Beginning with the line that contains "Next, introduce shredded", reproduce every line through the end of the records below exactly, and leave the pictures out.

===

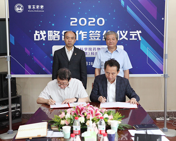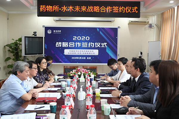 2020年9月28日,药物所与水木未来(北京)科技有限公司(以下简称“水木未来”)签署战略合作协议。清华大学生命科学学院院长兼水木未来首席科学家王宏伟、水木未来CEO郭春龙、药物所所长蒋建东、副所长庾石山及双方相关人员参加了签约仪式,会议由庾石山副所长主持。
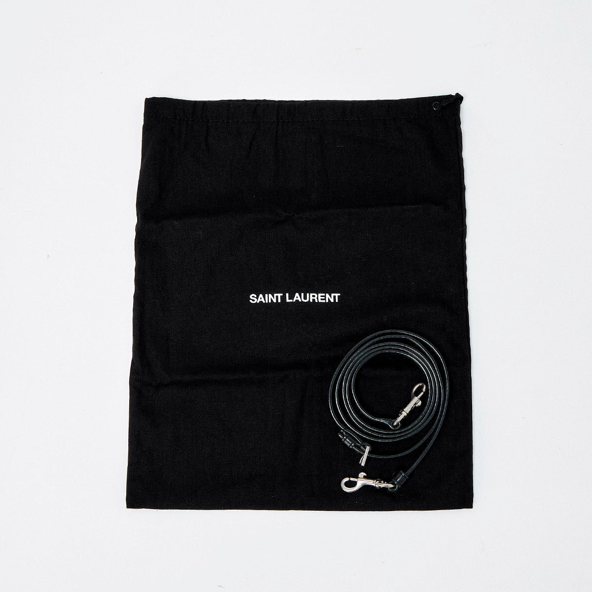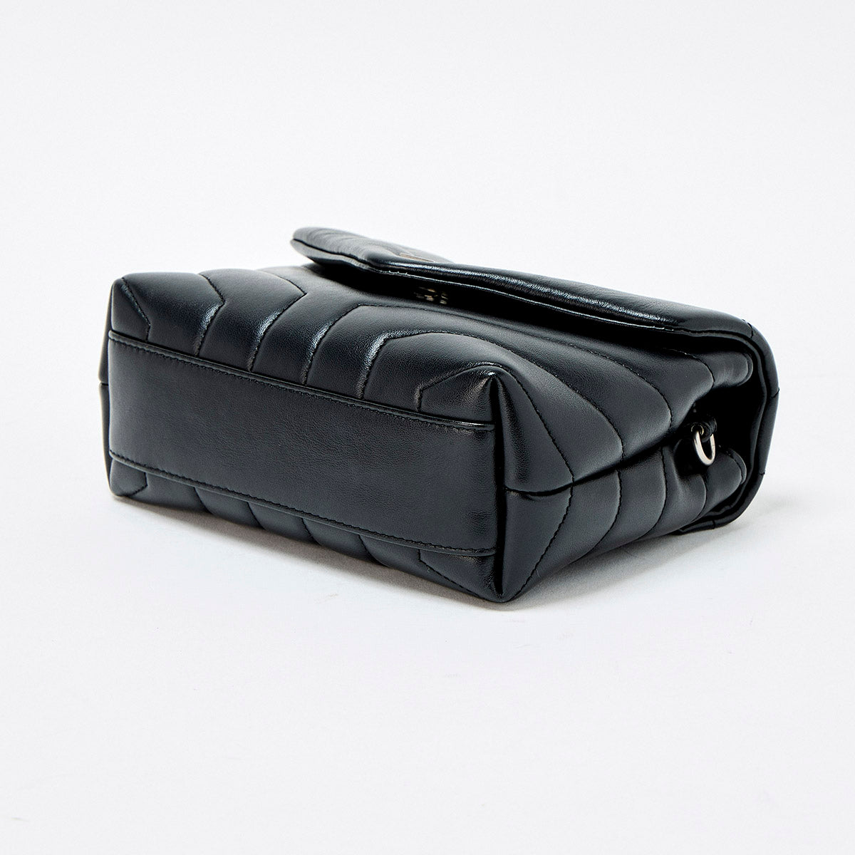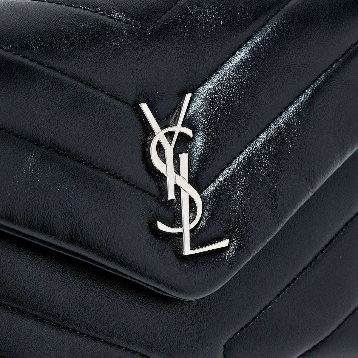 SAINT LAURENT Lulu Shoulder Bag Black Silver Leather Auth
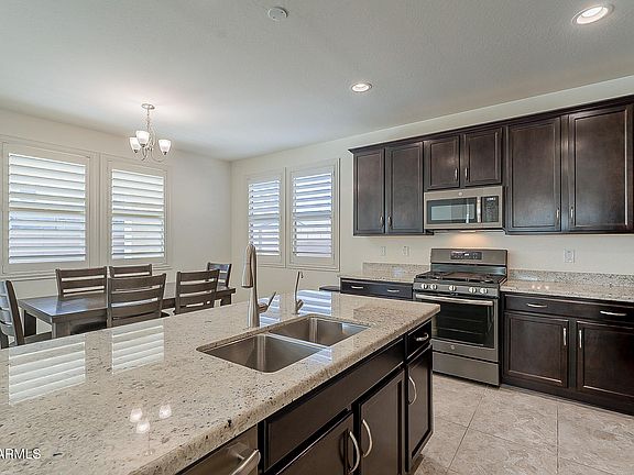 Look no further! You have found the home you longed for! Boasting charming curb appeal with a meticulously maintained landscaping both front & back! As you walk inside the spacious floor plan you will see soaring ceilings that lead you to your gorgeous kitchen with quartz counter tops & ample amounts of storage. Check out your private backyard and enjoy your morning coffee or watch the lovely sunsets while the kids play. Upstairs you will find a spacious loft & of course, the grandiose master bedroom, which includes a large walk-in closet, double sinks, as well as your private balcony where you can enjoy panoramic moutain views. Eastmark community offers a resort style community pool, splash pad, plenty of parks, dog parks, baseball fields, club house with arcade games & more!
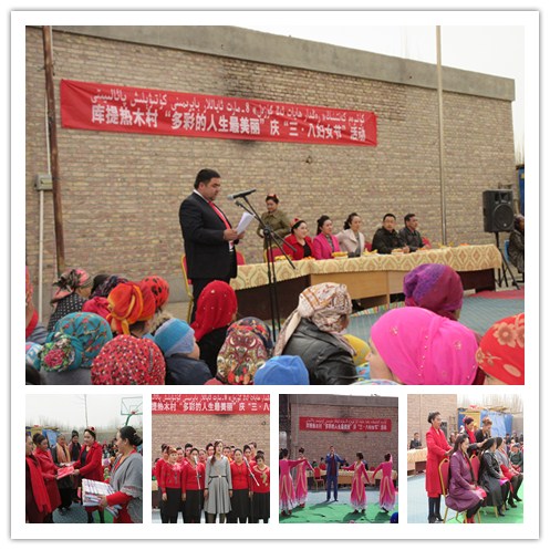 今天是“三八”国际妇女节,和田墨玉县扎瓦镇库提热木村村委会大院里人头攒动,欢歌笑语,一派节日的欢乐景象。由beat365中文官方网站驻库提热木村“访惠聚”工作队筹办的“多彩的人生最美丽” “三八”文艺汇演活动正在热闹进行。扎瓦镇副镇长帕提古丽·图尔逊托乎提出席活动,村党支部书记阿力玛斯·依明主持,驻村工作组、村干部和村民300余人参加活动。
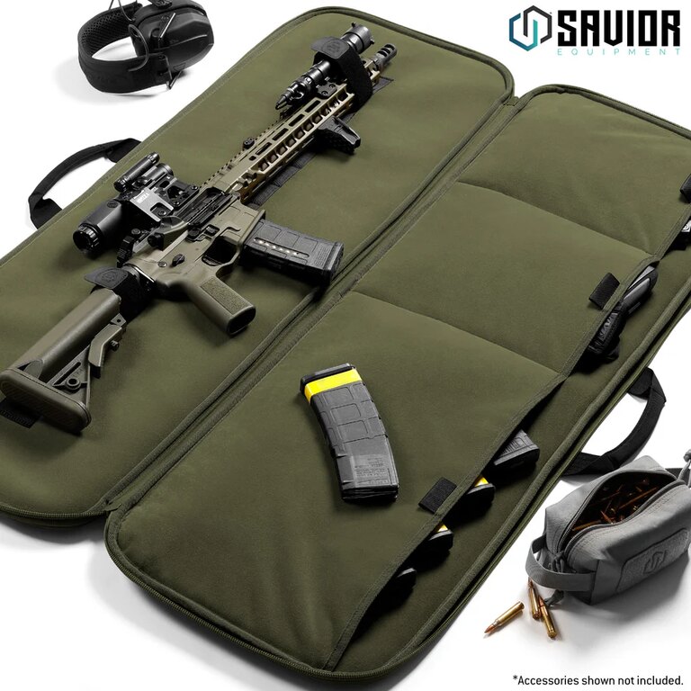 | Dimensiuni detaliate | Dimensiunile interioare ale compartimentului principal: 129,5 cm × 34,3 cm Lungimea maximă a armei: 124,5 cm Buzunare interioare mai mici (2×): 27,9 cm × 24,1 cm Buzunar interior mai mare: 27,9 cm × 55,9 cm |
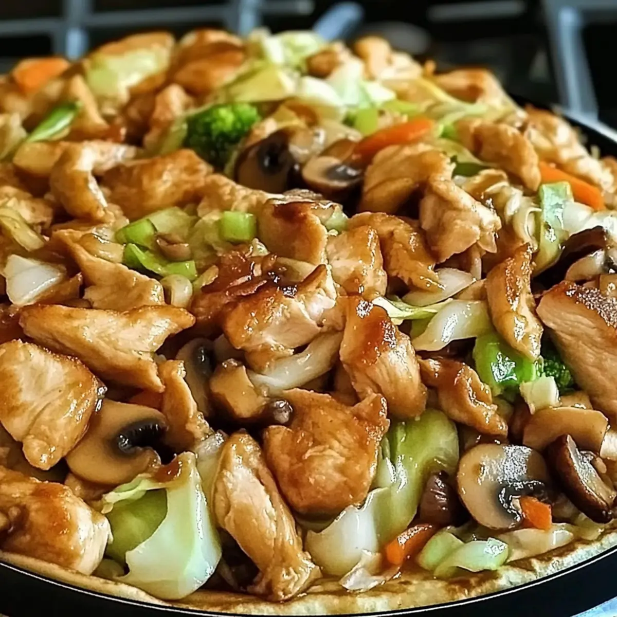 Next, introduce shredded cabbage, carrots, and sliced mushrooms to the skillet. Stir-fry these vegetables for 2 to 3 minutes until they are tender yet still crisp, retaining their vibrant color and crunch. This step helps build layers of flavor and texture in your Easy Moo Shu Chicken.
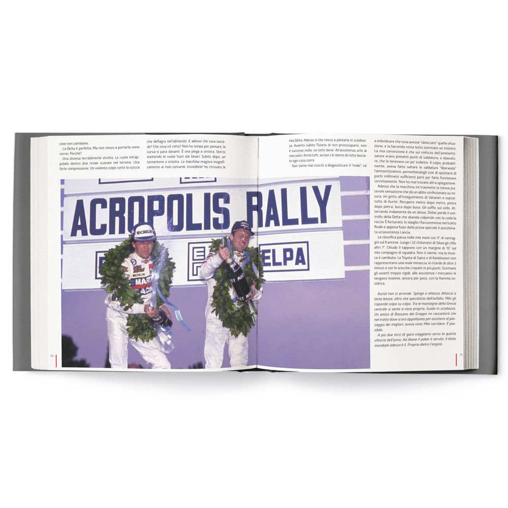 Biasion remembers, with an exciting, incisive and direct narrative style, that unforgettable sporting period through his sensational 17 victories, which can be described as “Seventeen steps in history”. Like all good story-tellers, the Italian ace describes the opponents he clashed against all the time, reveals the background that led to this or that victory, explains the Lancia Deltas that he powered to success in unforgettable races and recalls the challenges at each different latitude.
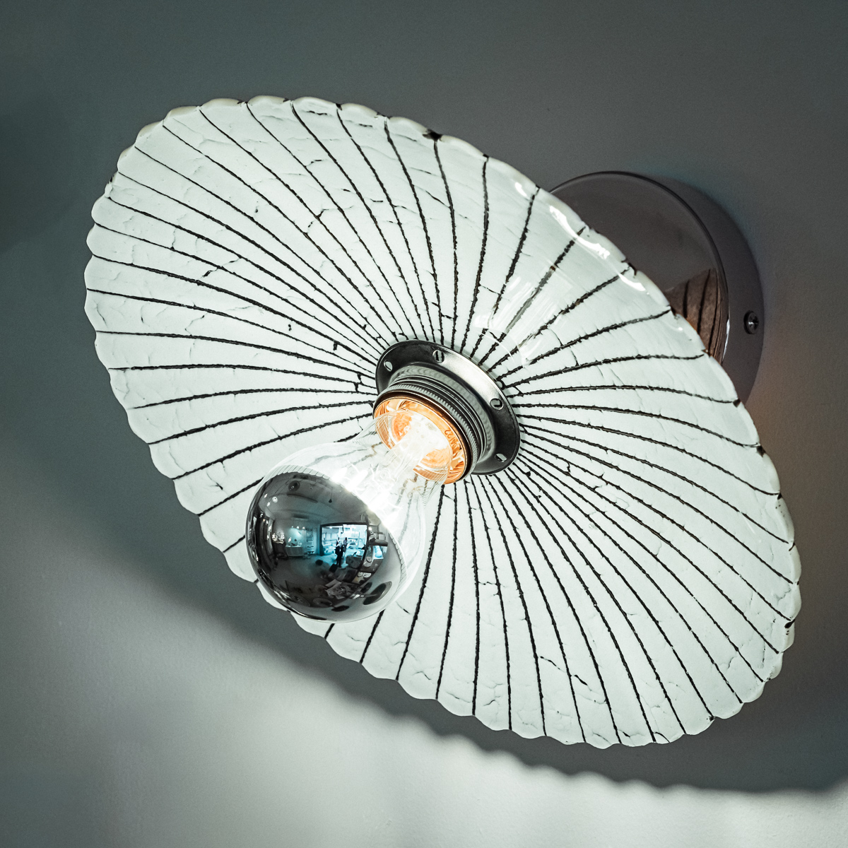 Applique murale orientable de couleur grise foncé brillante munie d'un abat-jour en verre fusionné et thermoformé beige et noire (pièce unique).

===

--- Task solution ---
 Next, introduce shredded cabbage, carrots, and sliced mushrooms to the skillet. Stir-fry these vegetables for 2 to 3 minutes until they are tender yet still crisp, retaining their vibrant color and crunch. This step helps build layers of flavor and texture in your Easy Moo Shu Chicken.
 Biasion remembers, with an exciting, incisive and direct narrative style, that unforgettable sporting period through his sensational 17 victories, which can be described as “Seventeen steps in history”. Like all good story-tellers, the Italian ace describes the opponents he clashed against all the time, reveals the background that led to this or that victory, explains the Lancia Deltas that he powered to success in unforgettable races and recalls the challenges at each different latitude.
 Applique murale orientable de couleur grise foncé brillante munie d'un abat-jour en verre fusionné et thermoformé beige et noire (pièce unique).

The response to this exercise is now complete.